Monday, 3 September 2012

Nick Edwards - Plekzationz (Editions Mego)

I shouldn't say a good word about Nick Edwards 'cause according to his bulletin board I'm not 'Ekofriendly' - so I'm going to delete this and this - that'll teach him!

And I'm not going to say a good word about Plekzationz... although, whilst waiting for the next modern work of genius in the field of electronic music to come along (don't hold your breath) this will do. I know you know that the notion of genius is outmoded even though sometimes you drop the word when referencing a contemporary record, you can't help yourself; it's an echo of a bygone era when geniuses like Picasso or Charlie Parker roamed the earth. You could go back further in time but the 50s is far enough, don't you think? It's hard enough recalling last week and what, exactly, you downloaded way back then.

Post-everything no creator escapes influence and even the anxiety thereof, so we're not surprised that Nick Edwards is at work in the Bristol equivalent of Lee Perry's Black Ark whilst channelling Throbbing Gristle and ------------ -------- -------- (add preferred Kraut/NewWave Electro Punk bands). The signal's always running in red when Nick's at work, and it shows, thankfully. For all the after-tweaking that may take place it still feels as if he's making it up as he goes along. It's all very psyche-Delia Derbyshire, as if the BBC  Radiophonic Workshop was born in '68 and played the Isle Of Wight festival just after Miles (the memory lingers on as your ears are battered by another brew concocted by electronic witches).

The oil (?) painting artwork posits Edwards as an electro-classicist (unintentionally, I'm sure), bespectacled punk offspring of Genius electro maverick boffins like Stockhausen and Ussachevsky (though more like Russolo-with-synths at times) - bring the noise! The contrariness of a portrait of the artist in old-fashioned paint (!) strikes out for new territory in artwork for electronic music, and that's very pleasing.
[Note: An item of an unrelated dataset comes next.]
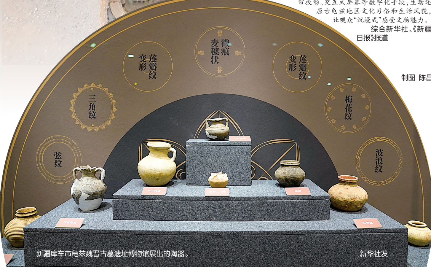
新疆库车市龟兹魏晋古墓遗址博物馆展出的陶器。
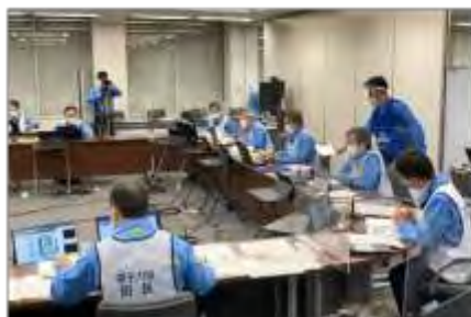
本店対策本部の活動

Degraded rhythms, drum machines of self-destruct, frayed tapes, tortured souls trapped in analogue hell, screaming for release...imagine what you will listening to this, just don't tell Edwards I said a good word about him.
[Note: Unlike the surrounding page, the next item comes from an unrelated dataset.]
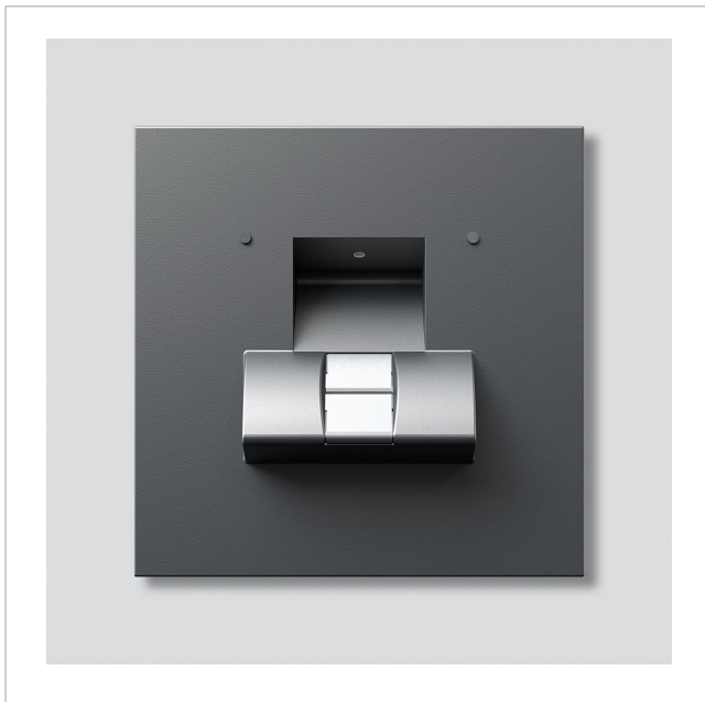
Fingerprint module FPM 600-0 DG 210009609-00

  1. I actually done the artwork.. the *old fashioned* style , was deliberate, as most industrial dubstep pioneers seem to have a thing about B&W images.

    Nick is way ahead of his contempories.. and you have to remember that he uses, analogue equipment, guitar pedals 4 track tape machines etc.. and mostly records live.. in the studio.

    1. Respect to you, Eddie. The day Nick starts adhering to Dubstep conventions, he's finished!